작성일자 : 2023-10-31
Ver 0.1.1
33 ~ 100 문제 풀이 : https://youtu.be/00rctVVSSoA?si=Du3KDMiQeHq7Gp-F
6. Pivot¶
국가별 5세이하 사망비율 통계 : https://www.kaggle.com/utkarshxy/who-worldhealth-statistics-2020-complete
Dataurl = 'https://raw.githubusercontent.com/Datamanim/pandas/main/under5MortalityRate.csv'
import pandas as pd
df9 = pd.read_csv('https://raw.githubusercontent.com/Datamanim/pandas/main/under5MortalityRate.csv')
df9.head()
Location | Period | Indicator | Dim1 | First Tooltip | |
---|---|---|---|---|---|
0 | Afghanistan | 2019 | Under-five mortality rate (probability of dyin... | Both sexes | 60.27 [47.44-74.62] |
1 | Afghanistan | 2019 | Under-five mortality rate (probability of dyin... | Male | 63.83 [50.04-79.16] |
2 | Afghanistan | 2019 | Under-five mortality rate (probability of dyin... | Female | 56.57 [44.54-70.18] |
3 | Afghanistan | 2018 | Under-five mortality rate (probability of dyin... | Both sexes | 62.54 [50.64-75.41] |
4 | Afghanistan | 2018 | Under-five mortality rate (probability of dyin... | Male | 66.08 [53.41-79.76] |
Q83. Indicator을 삭제하고 First Tooltip 컬럼에서 신뢰구간에 해당하는 표현을 지워라
df9.drop('Indicator',axis=1,inplace=True)

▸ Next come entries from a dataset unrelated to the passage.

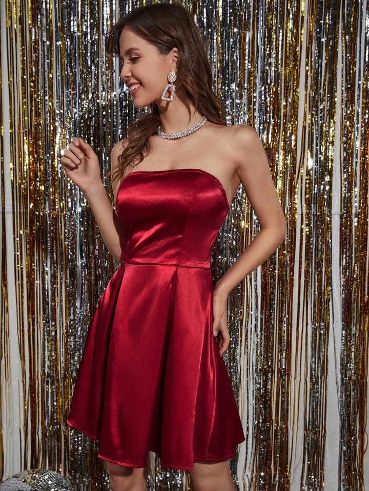 Robe bustier zippée à plis en satin
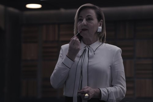 La actriz Carmen Machi se pinta las labios en la sala de interrogatorios de 'Criminal', la coproducción internacional de Netflix.
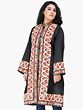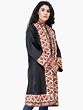 Black-Onyx Pure Wool Long Jacket from Kashmir with Aari Embroidery by Hand

df9['First Tooltip'] = df9['First Tooltip'].map(lambda x: float(x.split("[")[0]))
Ans = df9
Ans.head()
Location | Period | Dim1 | First Tooltip | |
---|---|---|---|---|
0 | Afghanistan | 2019 | Both sexes | 60.27 |
1 | Afghanistan | 2019 | Male | 63.83 |
2 | Afghanistan | 2019 | Female | 56.57 |
3 | Afghanistan | 2018 | Both sexes | 62.54 |
4 | Afghanistan | 2018 | Male | 66.08 |
Q84. 년도가 2015년 이상, Dim1이 Both sexes인 케이스만 추출하라
target = df9.loc[(df9['Period'] >= 2015) & (df9['Dim1'] == 'Both sexes')]
target.head()
Location | Period | Dim1 | First Tooltip | |
---|---|---|---|---|
0 | Afghanistan | 2019 | Both sexes | 60.27 |
3 | Afghanistan | 2018 | Both sexes | 62.54 |
6 | Afghanistan | 2017 | Both sexes | 64.94 |
9 | Afghanistan | 2016 | Both sexes | 67.57 |
12 | Afghanistan | 2015 | Both sexes | 70.44 |
Q85. 84번 문제에서 추출한 데이터로 아래와 같이 나라에 따른 년도별 사망률을 데이터 프레임화 하라
target.pivot( index = 'Location', columns = 'Period', values= 'First Tooltip')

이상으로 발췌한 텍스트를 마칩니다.